• _WHAT NEEDS TO BE DONE_:
Only text lines belong in the answer: the lines from the first one in the records through the line with "Божественную литургию в", copied exactly.

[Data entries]
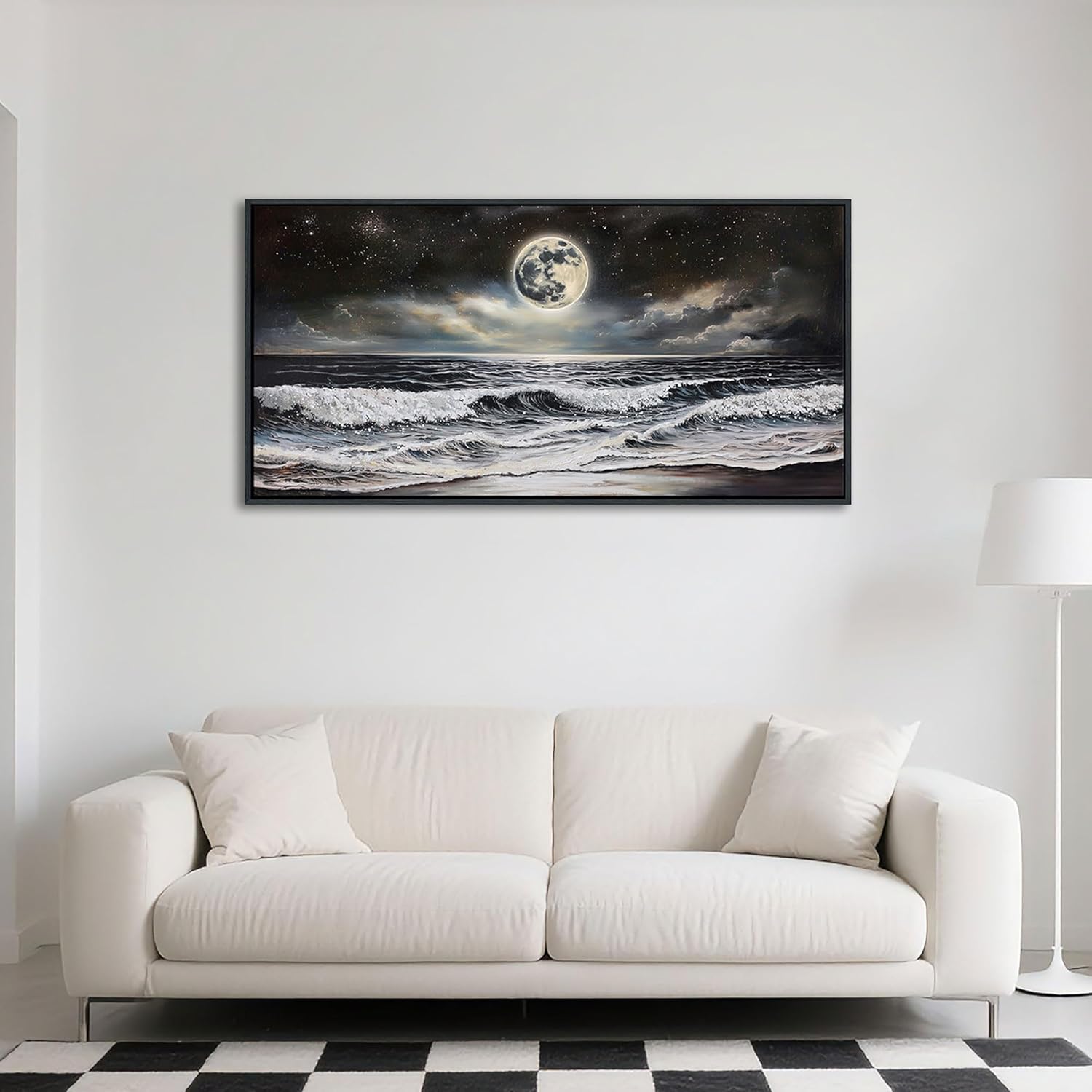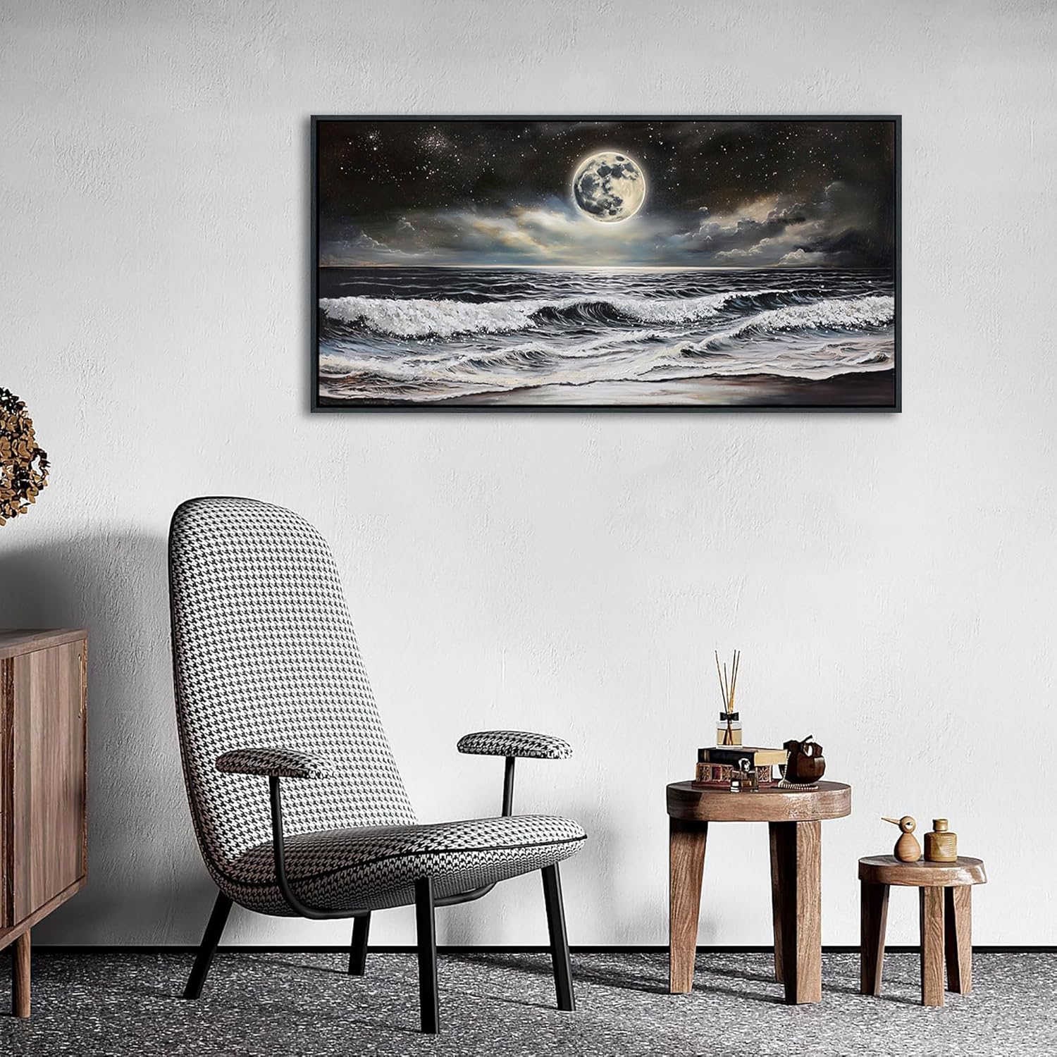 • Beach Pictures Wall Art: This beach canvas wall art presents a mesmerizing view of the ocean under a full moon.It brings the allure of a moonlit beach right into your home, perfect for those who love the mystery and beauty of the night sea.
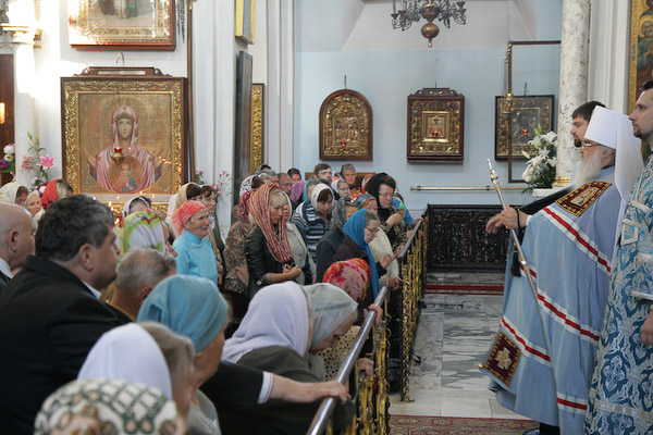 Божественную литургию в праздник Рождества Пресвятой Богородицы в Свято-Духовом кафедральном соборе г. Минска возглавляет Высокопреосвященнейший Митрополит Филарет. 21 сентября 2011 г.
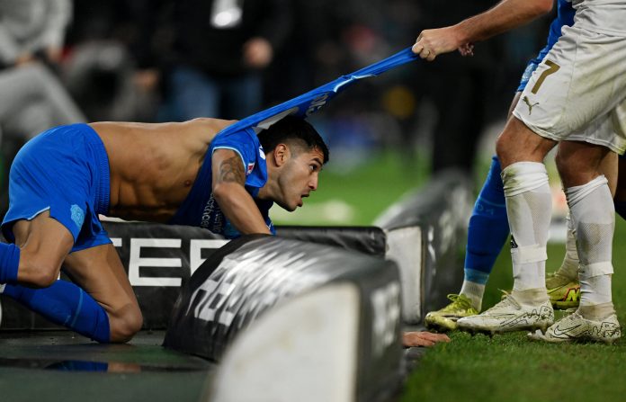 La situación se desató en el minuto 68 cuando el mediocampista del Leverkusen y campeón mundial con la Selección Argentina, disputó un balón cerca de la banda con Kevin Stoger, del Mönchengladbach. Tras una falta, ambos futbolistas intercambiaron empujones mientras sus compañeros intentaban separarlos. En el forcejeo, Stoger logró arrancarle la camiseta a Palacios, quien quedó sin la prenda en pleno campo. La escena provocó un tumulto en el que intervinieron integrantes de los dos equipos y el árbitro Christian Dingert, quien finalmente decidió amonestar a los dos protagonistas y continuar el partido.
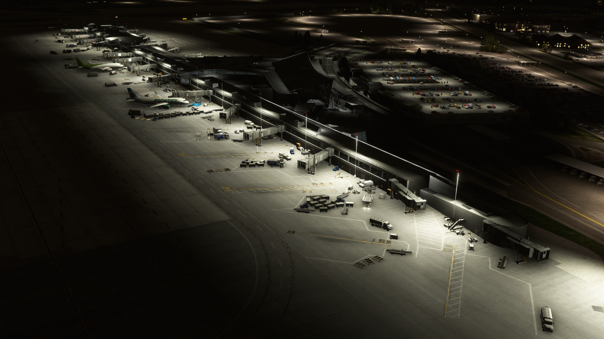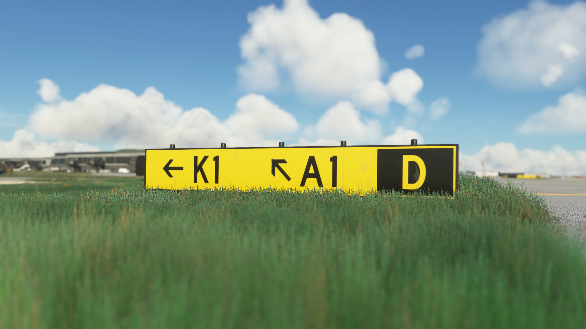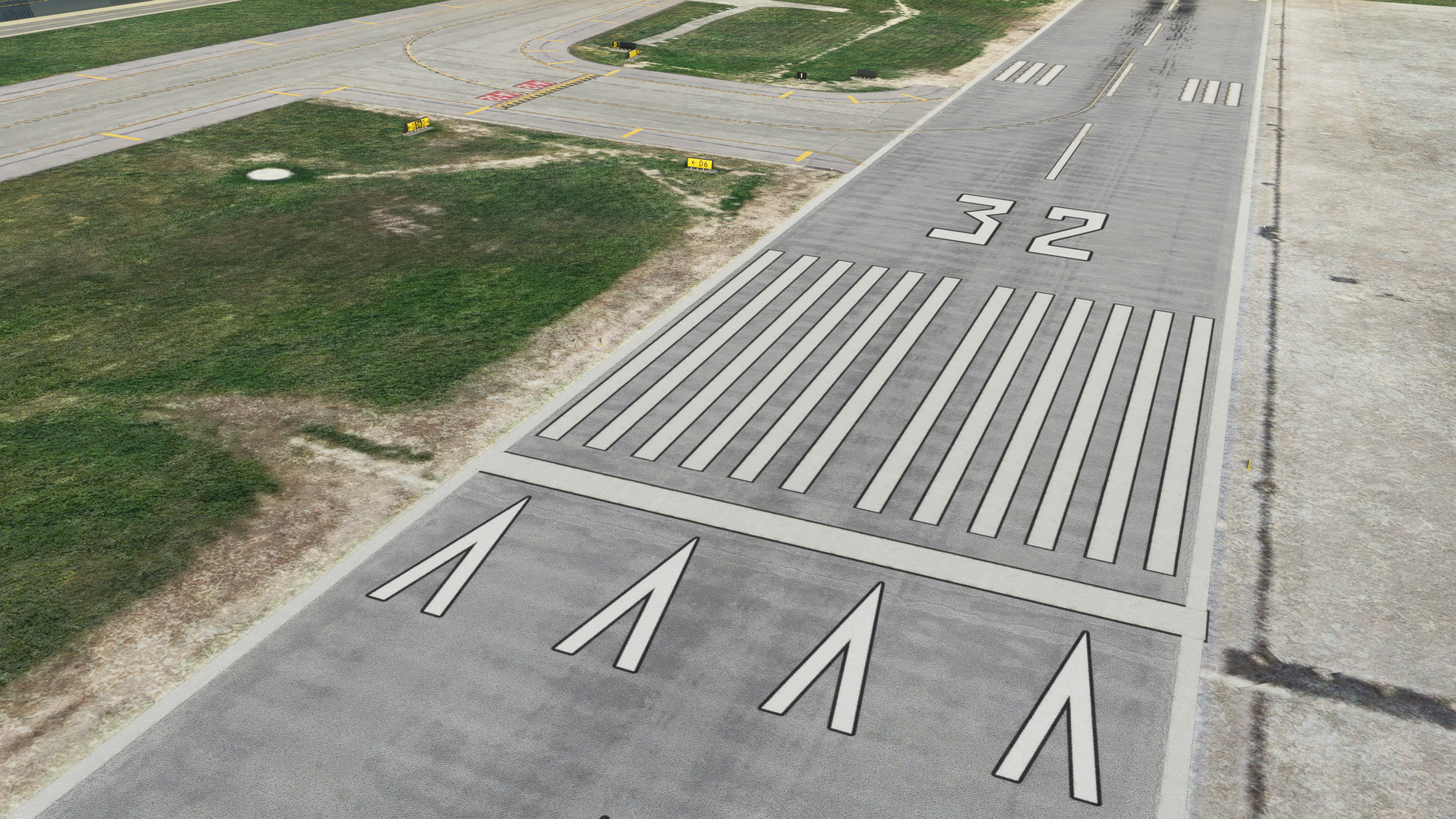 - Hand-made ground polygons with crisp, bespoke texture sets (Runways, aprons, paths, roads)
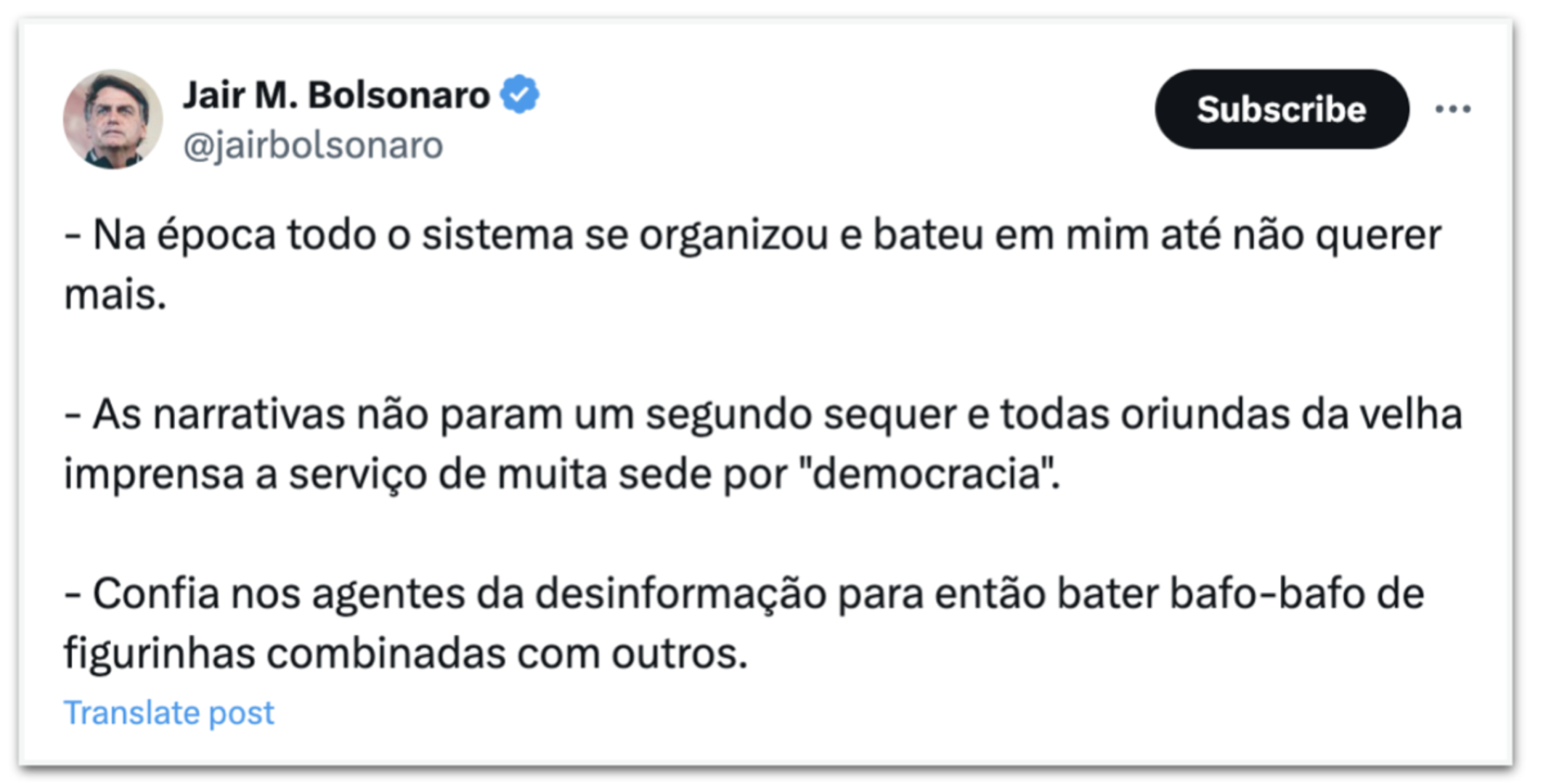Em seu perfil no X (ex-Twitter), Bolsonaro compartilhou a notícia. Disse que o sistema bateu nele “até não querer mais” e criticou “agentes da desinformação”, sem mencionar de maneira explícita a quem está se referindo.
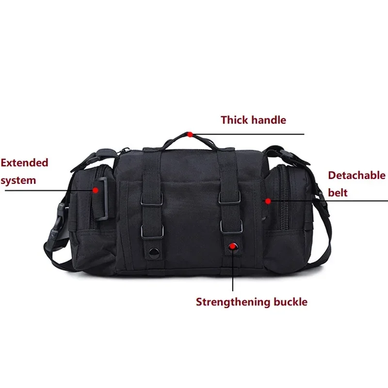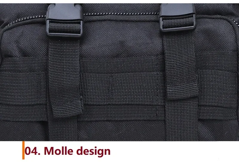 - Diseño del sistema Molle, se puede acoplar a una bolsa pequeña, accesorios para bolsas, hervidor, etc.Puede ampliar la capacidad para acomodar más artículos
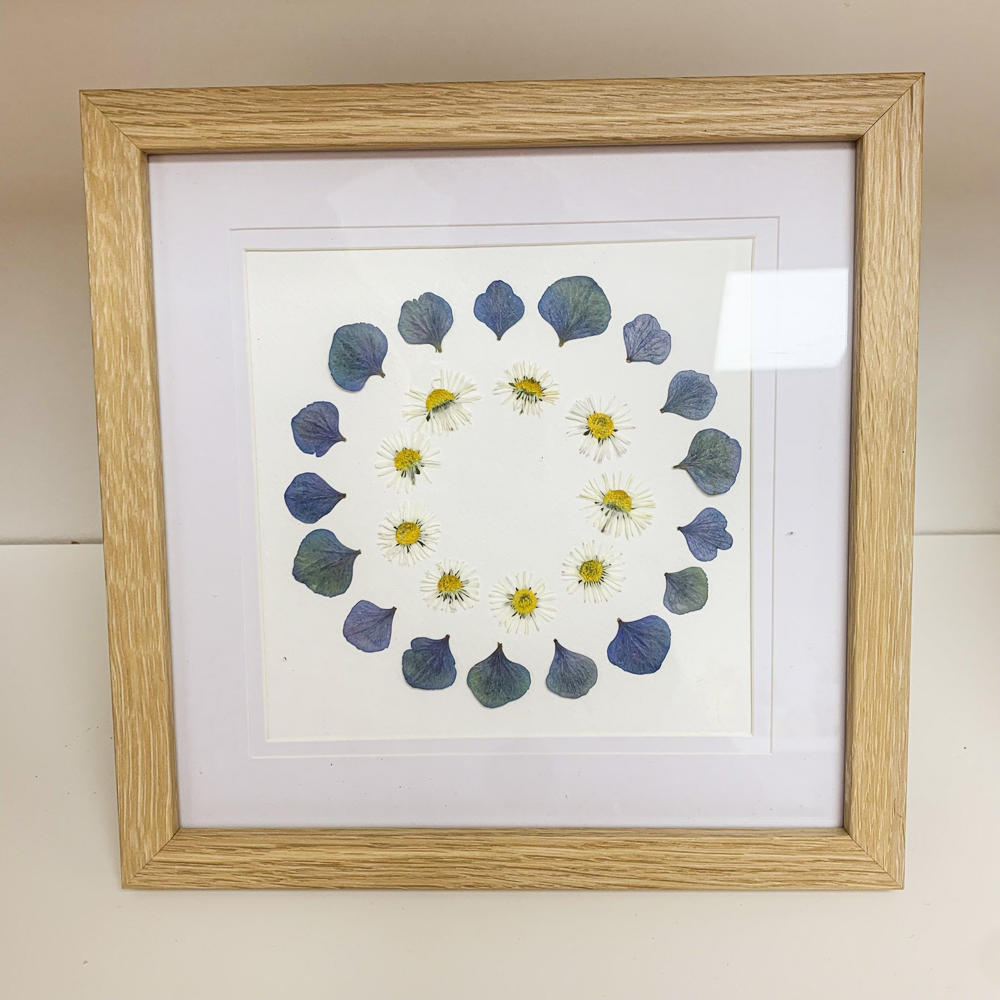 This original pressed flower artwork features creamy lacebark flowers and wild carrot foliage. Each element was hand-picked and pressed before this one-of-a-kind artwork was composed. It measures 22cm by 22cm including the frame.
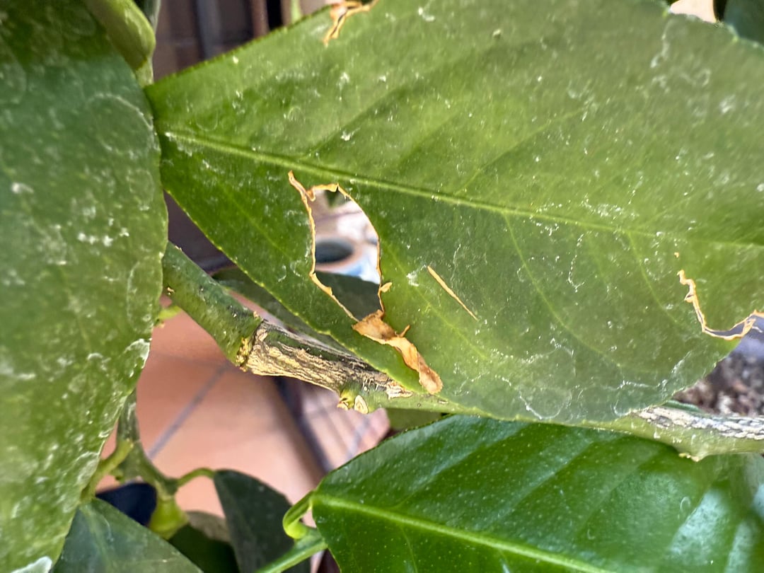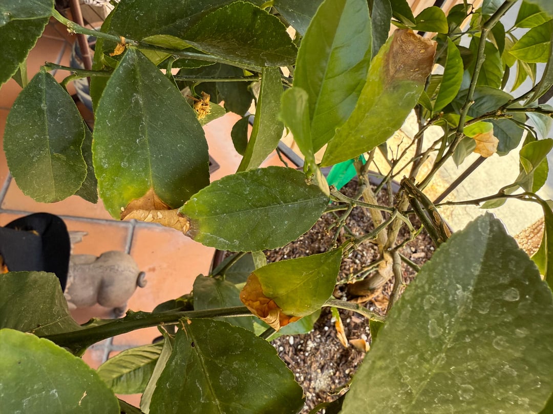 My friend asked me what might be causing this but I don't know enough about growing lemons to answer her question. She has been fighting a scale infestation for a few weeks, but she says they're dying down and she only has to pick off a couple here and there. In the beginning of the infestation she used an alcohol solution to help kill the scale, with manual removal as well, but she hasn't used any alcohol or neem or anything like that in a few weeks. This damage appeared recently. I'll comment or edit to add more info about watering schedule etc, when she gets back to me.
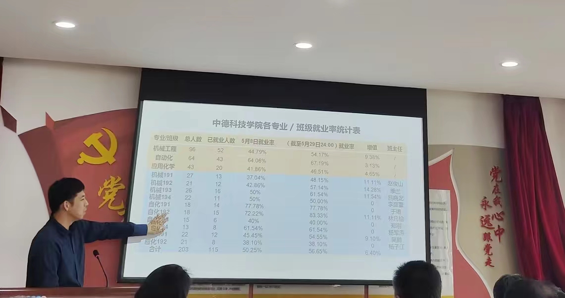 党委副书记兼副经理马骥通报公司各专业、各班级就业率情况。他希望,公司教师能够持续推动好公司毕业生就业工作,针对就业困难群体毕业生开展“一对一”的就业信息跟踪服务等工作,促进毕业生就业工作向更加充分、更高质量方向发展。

• _ANSWER TO THIS PROBLEM_:
 • Beach Pictures Wall Art: This beach canvas wall art presents a mesmerizing view of the ocean under a full moon.It brings the allure of a moonlit beach right into your home, perfect for those who love the mystery and beauty of the night sea.
 Божественную литургию в праздник Рождества Пресвятой Богородицы в Свято-Духовом кафедральном соборе г. Минска возглавляет Высокопреосвященнейший Митрополит Филарет. 21 сентября 2011 г.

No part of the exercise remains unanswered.